The day after the publication of the 1000genomes’ paper on Nature I attended a talk from one of the authors, Paul Flicek from the EBI institute, who explained about the technical challenges that have been introduced by the 1000genomes data.
He pointed out that for the first time in history, datasets in biology have reached the sizes of the big datasets in physics and astronomy. The whole GenBank, even with its exponential growth of the latter years, is small compared with the results of a particle accelerator or a big telescope. However the situation has now changed with the release of 1000genomes, and will change more with the results from other similar studies (Uk10k, 10,000 genomes).
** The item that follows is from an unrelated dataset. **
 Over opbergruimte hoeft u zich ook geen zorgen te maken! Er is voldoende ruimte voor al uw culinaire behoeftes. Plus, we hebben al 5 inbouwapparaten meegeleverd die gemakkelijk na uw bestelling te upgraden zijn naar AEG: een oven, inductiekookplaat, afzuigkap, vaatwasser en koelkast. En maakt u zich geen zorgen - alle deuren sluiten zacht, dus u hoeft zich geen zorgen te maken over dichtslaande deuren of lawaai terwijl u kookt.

Physicists have done a much better job than we bioinformaticians in planning how to deal with huge datasets. For example, while we bioinformaticians are still using the HTTP or FTP protocols to download datasets, competing with people watching videos on youtube for the bandwidth, physicists have developed an alternative network to Internet to share data. Or for another example, while we bioinformaticians are still debating whether to use databases or flat files, physicists have developed formats like HDF5 to handle huge collections of data.
Regarding the former issue, I am trying to convince the 1000genomes maintainers to release their data as a torrent. Yesterday we tried to download a 16 GB dataset from their website, but because of connection problems we could never finish the download. Let’s say that in the future we will have to download a 16 GB file everyday with the results of new genomes sequenced: is it feasible to do it through Internet?
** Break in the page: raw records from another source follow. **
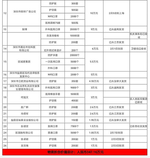 当前,新型冠状病毒肺炎疫情防控工作形势严峻,疫情的变化时刻牵动着全国人民的心。根据中央、省、市要求,盐田区委区政府全面部署、全域动员、全民行动、严防严控。面对疫情肆虐,盐田企业、社会组织及社会各界爱心人士众志成城、共克时艰,动员一切力量,调动一切资源,为打赢新型冠状病毒感染肺炎疫情防控这场硬仗奉献爱心、贡献力量。
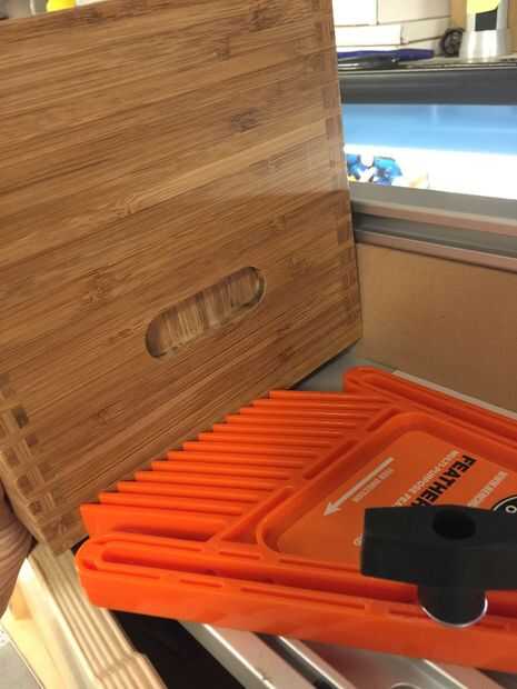 - Las ranuras del dedo fueron cortadas con un 3/4" poco recta. Se cortaron a 1/4" profundidad en los laterales y 1/8" profundidad de la tapa. Después de instalar el 3/4" recto poco en la mesa de fresadora, siempre hacer una prueba de corte Compruebe la profundidad de corte.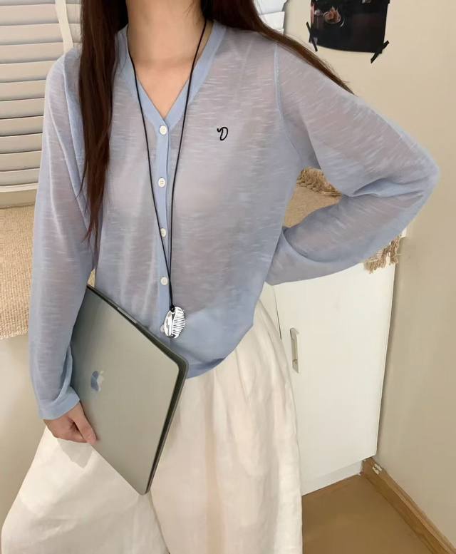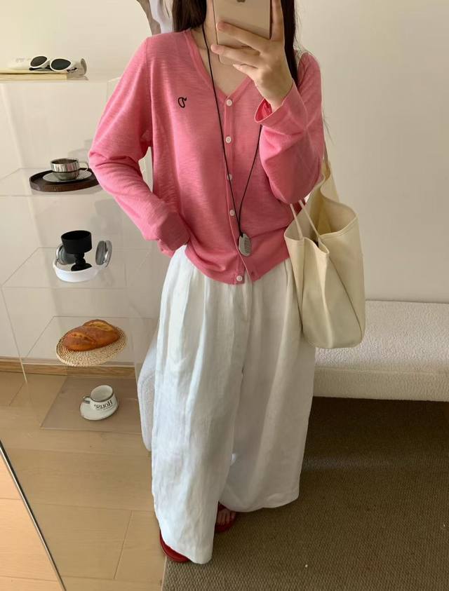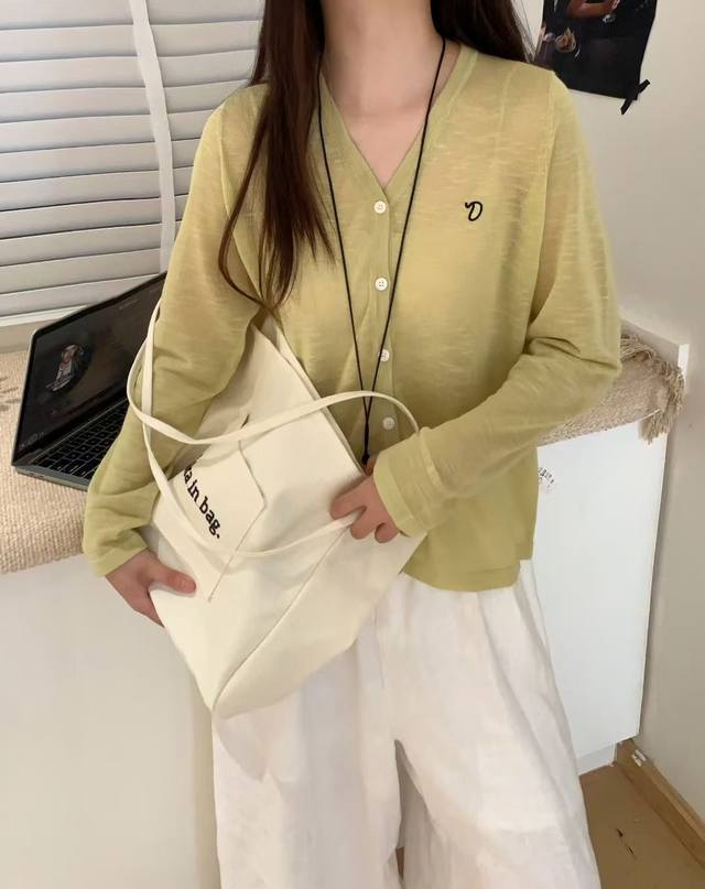 / Korean new style V-neck solid color simple versatile knitted cardigan top fashi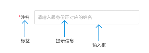 一個輸入框,通常有標簽名稱label、提示信息placeholder(輸入信息后提示文字消失)、初始值value(需手動刪除)。如果是必填表單,在適當位置(標簽的前后,輸入框后)加上紅色*號(或其他符號)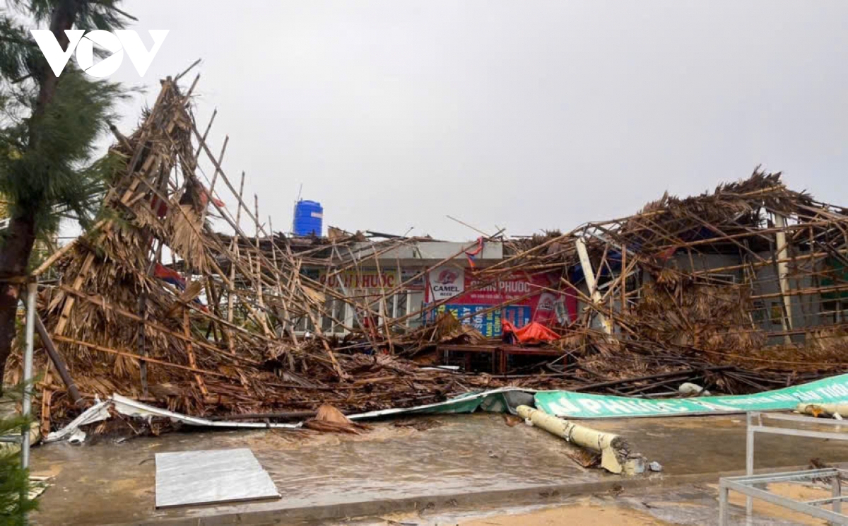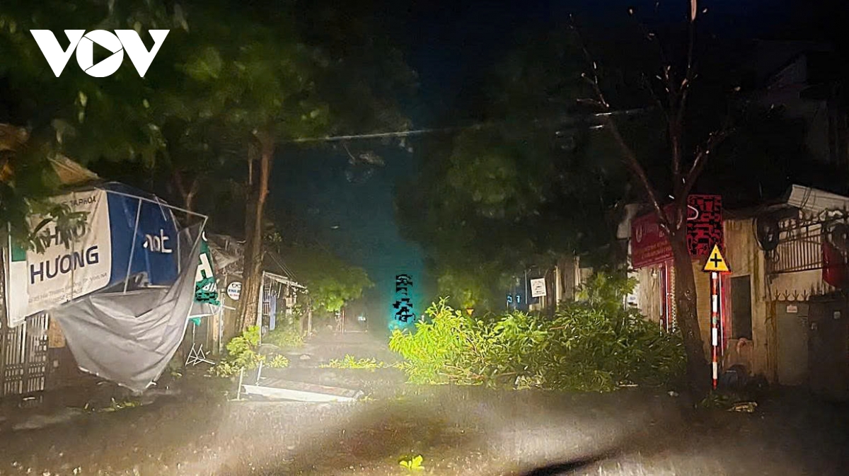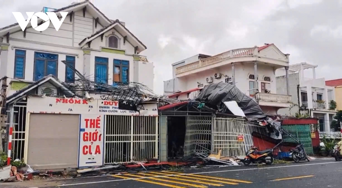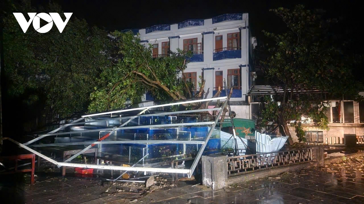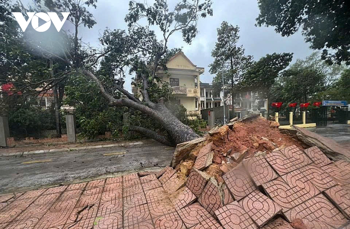 PV Thanh Hiếu-VOV miền Trung thông tin: Bão số 10 quét qua địa bàn tỉnh Quảng Trị làm nhiều cây xanh gãy đổ, nhiều nhà dân bị tốc mái, đổ sập, gây mất điện trên diện rộng.

A nice solution, in my opinion, would be to use the torrent protocol, adopted by the BioTorrents project and nicely described in this paper: Langille MGI, Eisen JA (2010).
Using torrents to share big datasets like the 1000genomes sequences would have a lot of benefits. For example:
- since each torrent is associated with a md5 sum, everybody will always download the correct data, without transfer errors. If you download data from a website, a transfer error may always occur; however, any torrent client will always check the md5 before declaring the download complete.
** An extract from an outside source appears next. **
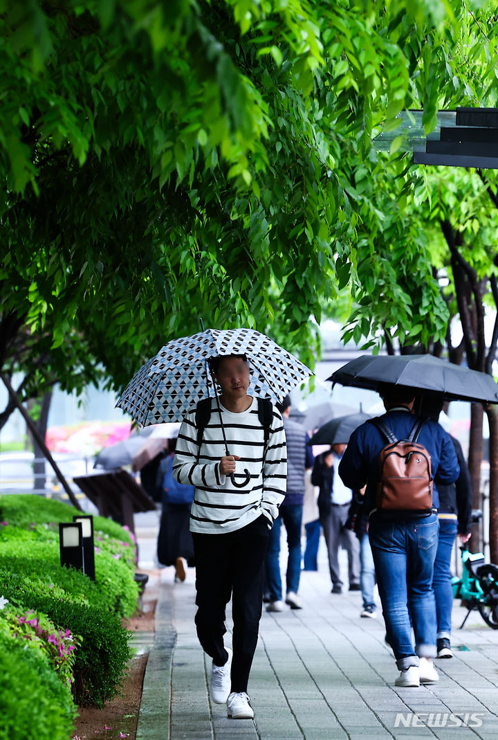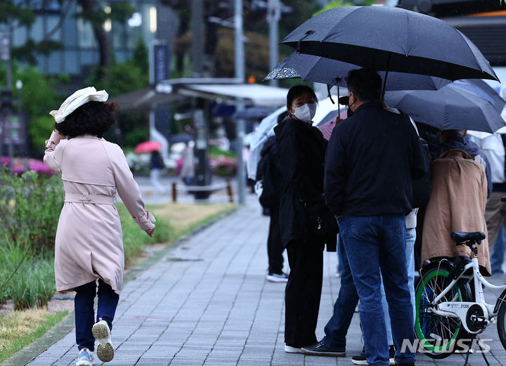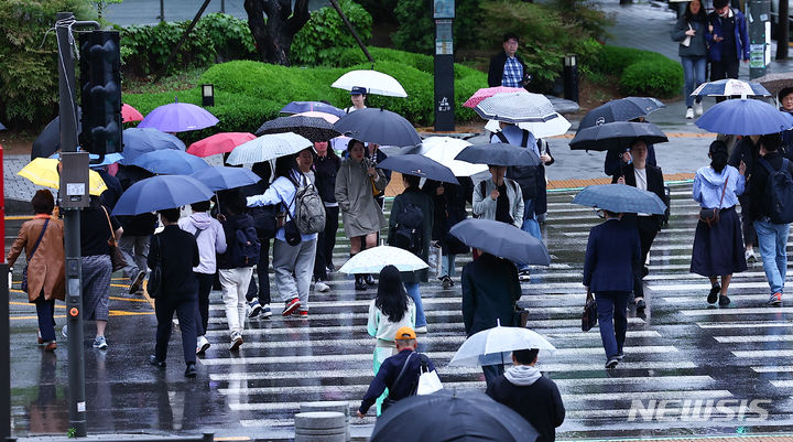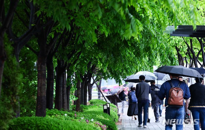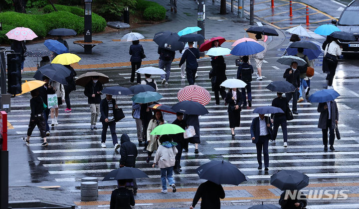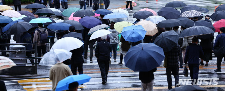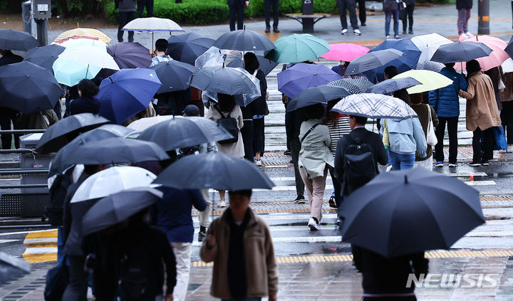 【NEWSIS】雨が降った24日午前、ソウル・竜山駅近くで、傘をさして出勤する人々。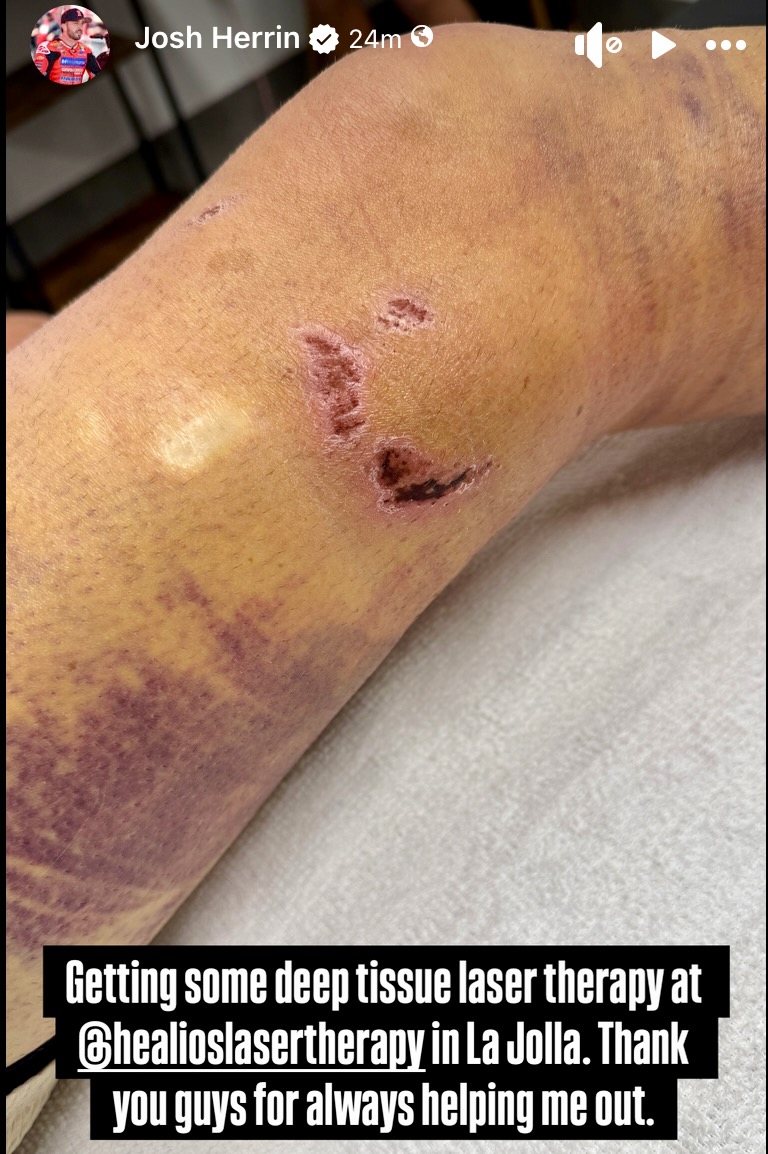 When I checked on Herrin last week, he said, “I’m good. Just pissed. I need time for my leg to heal. Nothing else I can do for it. A lot of people don’t know what happened, and some are assuming I caused the accident, which I didn’t.”

- this will save a lot of bandwidth to the 1000genomes site, reducing their costs and allowing them to better use their resources.
- a torrent is more likely to be always available, even if the 1000genomes authors decide to not support it anymore. It will be easier to trace back old datasets, therefore making research more reproducible.
- a torrent is easier to download, because even if you have a bad internet connection, you can stop and restore the transfer at any time.
Let’s see if they will agree on this!